9. Die Schweiz hat sich vergan­genes Jahr endlich dazu durch­ge­rungen, ein eigenes, staat­lich finan­ziertes Holo­caust­denkmal in Bern zu errichten. Die Landes­re­gie­rung finan­ziert das nach aktu­ellen Schät­zungen 2.5 Millionen Franken teure Projekt. Es soll insbe­son­dere den jüdi­schen Geflüch­teten gedenken, die an den Grenzen abge­wiesen und so in einen sicheren Tod geschickt wurden. Einer der ersten Schritte in Rich­tung Verant­wor­tungs­über­nahme schwei­ze­ri­scher Erinnerungskultur.
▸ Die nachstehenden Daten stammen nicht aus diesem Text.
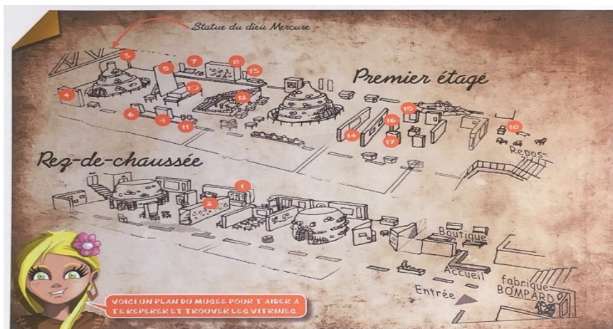
-Carte plastifiée du musée-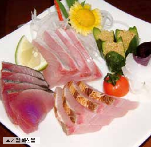
▲ 계절 해산물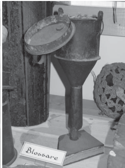
“Blossaren” varnade nalkande båtar.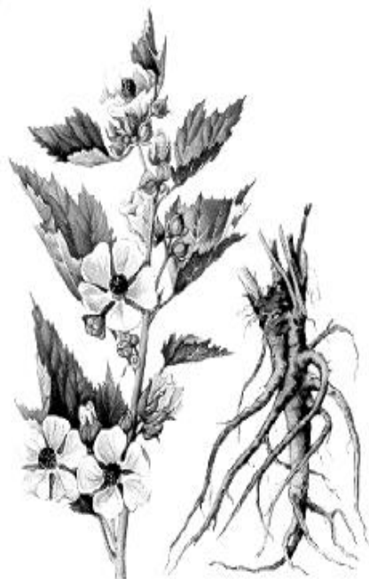
Рис. 1. Внешний вид растения алтея лекарственного

Алтей лекарственный – многолетнее травянистое растение семейства Мальвовые (Malvaceae) (рис. 1).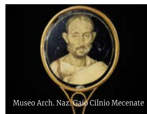
Museo Arch. Naz. Gaio Cilnio Mecenate

Nel cuore di Pisa si trovano le terme di Nerone, bagno romano del I secolo d. C. alimentato dall' acquedotto romano di Caldaccoli , del I sec. Il nome potrebbe far pensare al famoso imperatore romano, ma la costruzione delle terme iniziò circa una ventina d'anni dopo rispetto alla sua morte. Esso deriva dalla leggenda di San Torpè, ufficiale della corte di Nerone che, convertito al cristianesimo, venne arrestato e decapitato in questo luogo. Interessante è anche il museo navale, che ospita una bellissima collezione di navi romane. navidipisa.it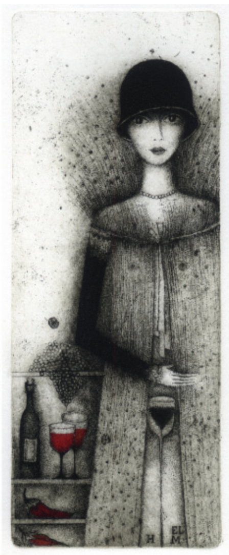
El HM. Dama Bankietowa . C 3 + col., 169 x 67

10. Die 13. AHV-Rente wurde vergan­genes Wochen­ende deut­lich ange­nommen. Ein histo­ri­scher Sieg, gar die „erste sozi­al­po­li­ti­sche Initia­tive von links, die eine Mehr­heit erreicht“, sei das. Seit 50 Jahren erlebte das Schweizer Sozi­al­werk keinen Ausbau mehr. Linke in der Schweiz haben oft wenig Grund zur Hoff­nung. Aber diese Abstim­mung stimmt immerhin etwas optimistischer. 
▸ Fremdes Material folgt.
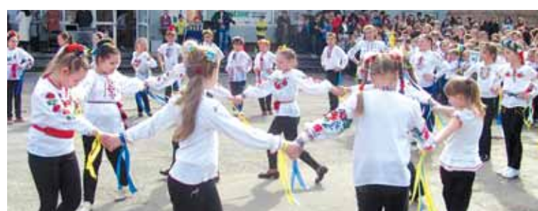
Школа № 5 — найемоційніша.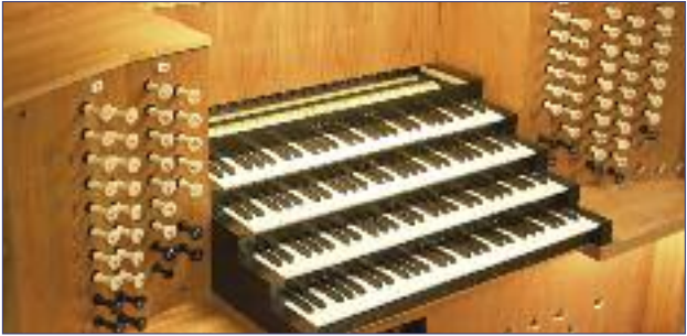
Spieltisch der großen Beckerath-Orgel

St. Petri besitzt drei ORGELN aus der Werkstatt von Rudolf von Beckerath. Die große Orgel gehört mit vier Manualen, 66 Registern und 4.724 Pfeifen zu den größten und klangschönsten Hamburgs. Sie erklingt neben den Gottesdiensten in der wöchentlichen Stunde der Kirchenmusik und in den sommerlichen internationalen Orgelkonzerten. Die Restaurierung und Erweiterung der Großen Orgel durch Fa. Alexander Schuke Orgelbau, Potsdam, wurde 2006 abgeschlossen. Die beiden kleineren Orgeln der Kirche wurden im Jahre 2007 und 2008 generalüberholt.

„Was Hoff­nung macht“ lautet der Titel dieser Folge. Das kann man doppelt verstehen: Es bedeutet zum einen, Gründe für Hoff­nung zu sammeln. Die doppelte Bedeu­tung ergibt sich, wenn man den Fokus auf das Wort „macht“ legt. Sich erlauben zu hoffen, kann den Pessi­mismus ersetzen und Platz schaffen für eine Erzäh­lung vom guten Leben für alle. Viele Menschen haben schon so lange leiden müssen – unter Armut, Ausgren­zung und Ausbeu­tung. Da hilft es, sich auf das zu besinnen, was gut ist. Wenn Hoff­nung da ist, muss von ihr berichtet werden, denn wer hofft, der hat noch nicht aufgegeben.